§ **Your goal**
Transcribe the data exactly. Pictures stay out.

§ **Available data**
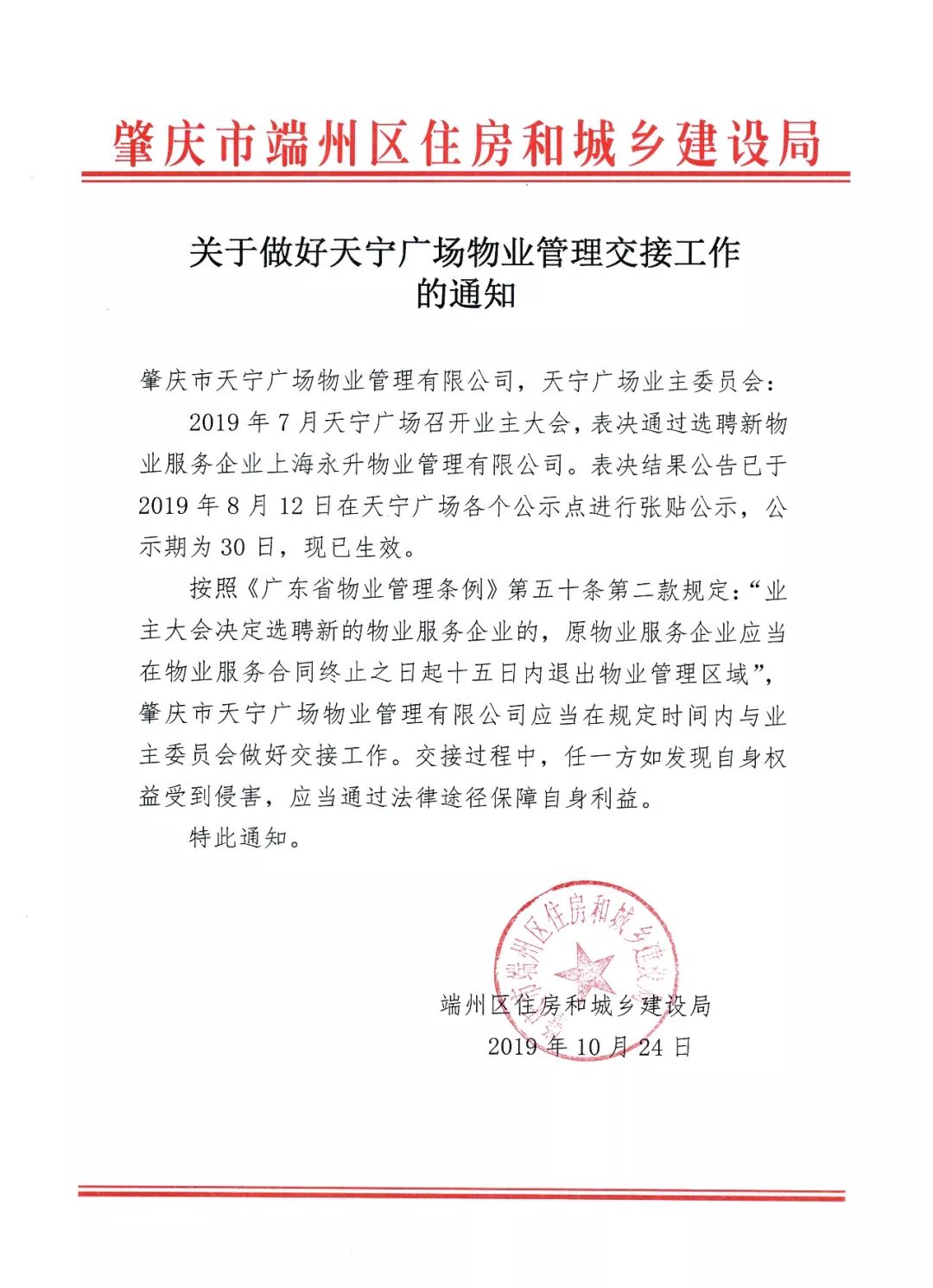 肇庆市端州区住房和城乡建设局---------------------------------------------------关于做好天宁广场物业管理交接工作的通知肇庆市天宁广场物业管理有限公司,天宁广场业主委员会:2019年7月天宁广场召开业主大会,表决通过选聘新物业服务企业上海永升物业管理有限公司。表决结果公告已于2019年8月1 2日在天宁广场各个公示点进行张贴公示,公示期为3 0日,现已生效。按照《广东省物业管理条例》第五十条第二款规定:“业主大会决定选聘新的物业服务企业的,原物业服务企业应当在物业服务合同终止之日起十五日内退出物业管理区域”,肇庆市天宁广场物业管理有限公司应当在规定时间内与业主委员会做好交接工作。交接过程中,任一方如发现自身权益受到侵害,应当通过法律途径保障自身利益。特此通知。端州区住房和城乡建设局2019年10月24日
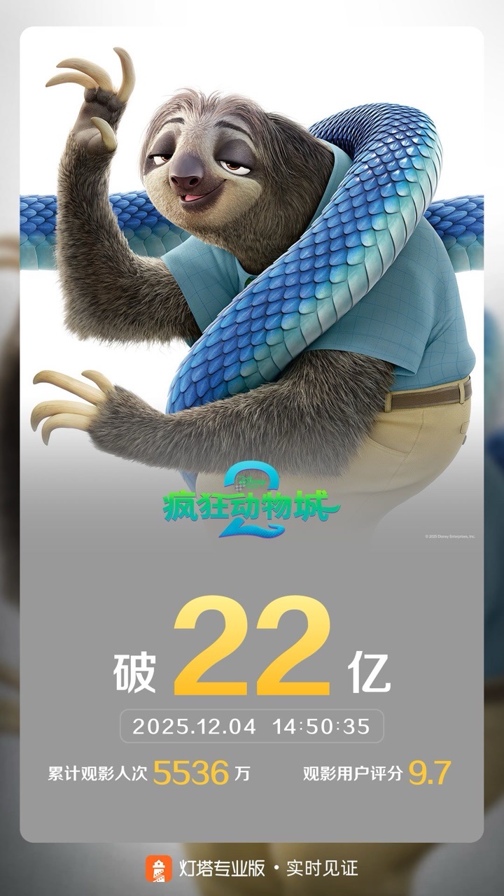20:24《疯狂动物城1》曾保持进口动画票房纪录,直至被续作打破
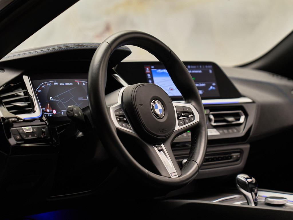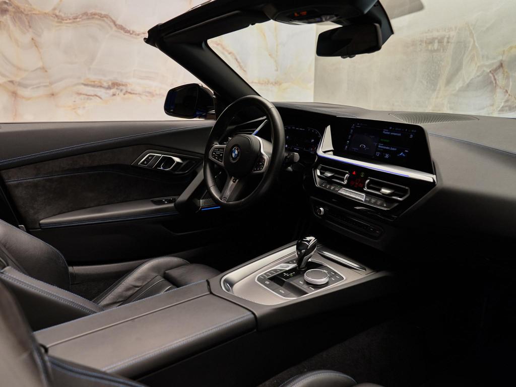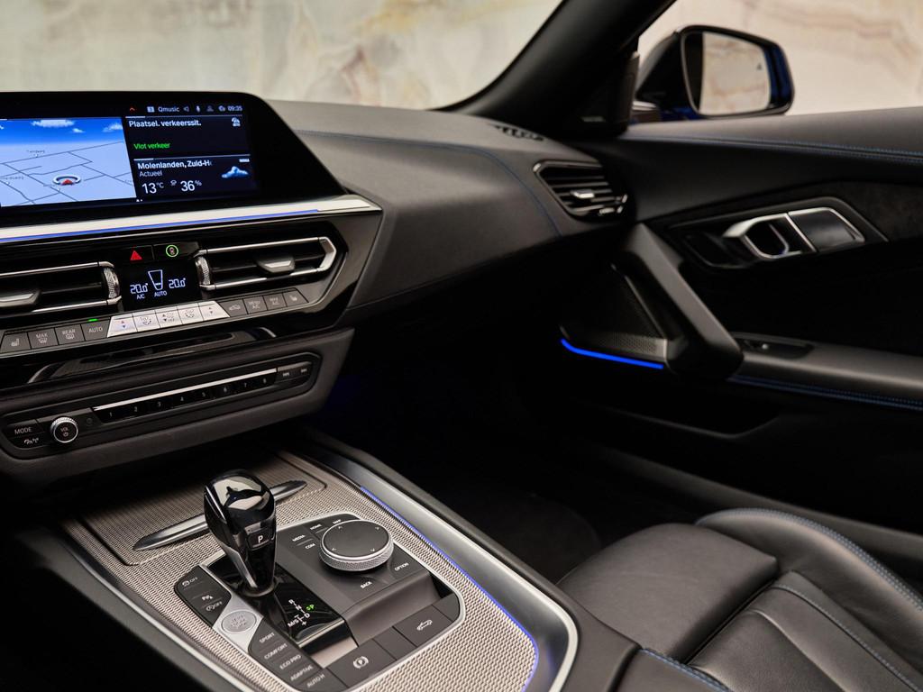 Dit betreft een zeer luxe BMW Z4 Roadster M40i High Executive (340 pk). Kleur: Misano Blau metallic (C1D) en interieur: Bekleding Leder Vernasca/alcantara combinatie Schwarz met contrasterend stiksel Blau | Schwarz (HCNL). Deze auto heeft slechts 45.430 km gereden, is volledig dealeronderhouden en verkeert in zeer goede staat. Uiteraard is alle documentatie aanwezig. Voorzien van vele opties zoals:

§ **Task output**
 肇庆市端州区住房和城乡建设局---------------------------------------------------关于做好天宁广场物业管理交接工作的通知肇庆市天宁广场物业管理有限公司,天宁广场业主委员会:2019年7月天宁广场召开业主大会,表决通过选聘新物业服务企业上海永升物业管理有限公司。表决结果公告已于2019年8月1 2日在天宁广场各个公示点进行张贴公示,公示期为3 0日,现已生效。按照《广东省物业管理条例》第五十条第二款规定:“业主大会决定选聘新的物业服务企业的,原物业服务企业应当在物业服务合同终止之日起十五日内退出物业管理区域”,肇庆市天宁广场物业管理有限公司应当在规定时间内与业主委员会做好交接工作。交接过程中,任一方如发现自身权益受到侵害,应当通过法律途径保障自身利益。特此通知。端州区住房和城乡建设局2019年10月24日
20:24《疯狂动物城1》曾保持进口动画票房纪录,直至被续作打破
 Dit betreft een zeer luxe BMW Z4 Roadster M40i High Executive (340 pk). Kleur: Misano Blau metallic (C1D) en interieur: Bekleding Leder Vernasca/alcantara combinatie Schwarz met contrasterend stiksel Blau | Schwarz (HCNL). Deze auto heeft slechts 45.430 km gereden, is volledig dealeronderhouden en verkeert in zeer goede staat. Uiteraard is alle documentatie aanwezig. Voorzien van vele opties zoals:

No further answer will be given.